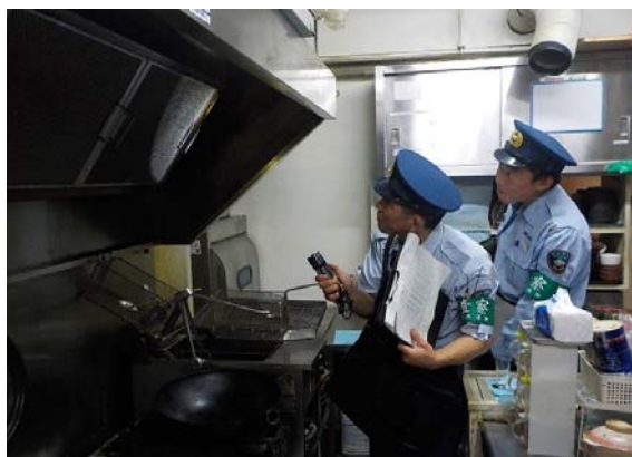
一 斉 夜 間 査 察

建築物や危険物、火薬類、高圧ガスを取り扱う施設等の安全性を確保し、火災等による被害を軽減するため、事前相談の段階から関係法令に基づく指導を行うとともに、計画的な立入検査や関係部局と連携した繁華街一斉夜間査察等を行い、違反の未然防止及び不備事項の是正指導に取り組みます。
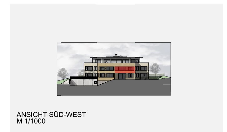
ANSICHT SÜD-WEST M 1/1000
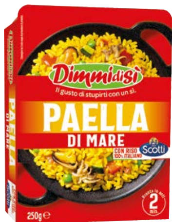
Paella di mare DIMMIDISI gr 250 (€ 11,96 al kg)
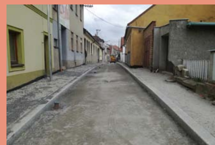
Ulice Růžová získává finální obrysy, dokončení je v plánu do 30. 6. 2018
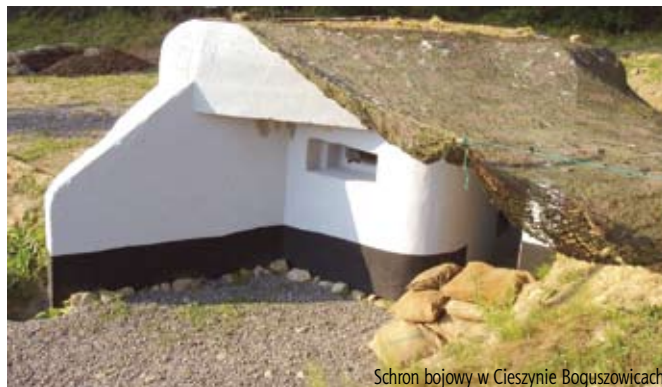
Schron bojowy w Cieszynie Boguszowicach

26 kwietnia (niedziela) w godz. 10.00-17.00 Sekcja Miłośników Militariów zaprasza na dzień otwarty przy polskim schronie bojowym w Cieszynie-Boguszowicach. Na miejscu wystawa militariów oraz wyposażenia schronu, a także możliwość przejażdżki na koniu w wojskowej kulbace.

········

(ASSIGNMENT) Where a picture appears in the material above, skip it, and print the rest exactly.

(RESPONSE FOR THIS EXERCISE)
一 斉 夜 間 査 察

建築物や危険物、火薬類、高圧ガスを取り扱う施設等の安全性を確保し、火災等による被害を軽減するため、事前相談の段階から関係法令に基づく指導を行うとともに、計画的な立入検査や関係部局と連携した繁華街一斉夜間査察等を行い、違反の未然防止及び不備事項の是正指導に取り組みます。
ANSICHT SÜD-WEST M 1/1000
Paella di mare DIMMIDISI gr 250 (€ 11,96 al kg)
Ulice Růžová získává finální obrysy, dokončení je v plánu do 30. 6. 2018
Schron bojowy w Cieszynie Boguszowicach

26 kwietnia (niedziela) w godz. 10.00-17.00 Sekcja Miłośników Militariów zaprasza na dzień otwarty przy polskim schronie bojowym w Cieszynie-Boguszowicach. Na miejscu wystawa militariów oraz wyposażenia schronu, a także możliwość przejażdżki na koniu w wojskowej kulbace.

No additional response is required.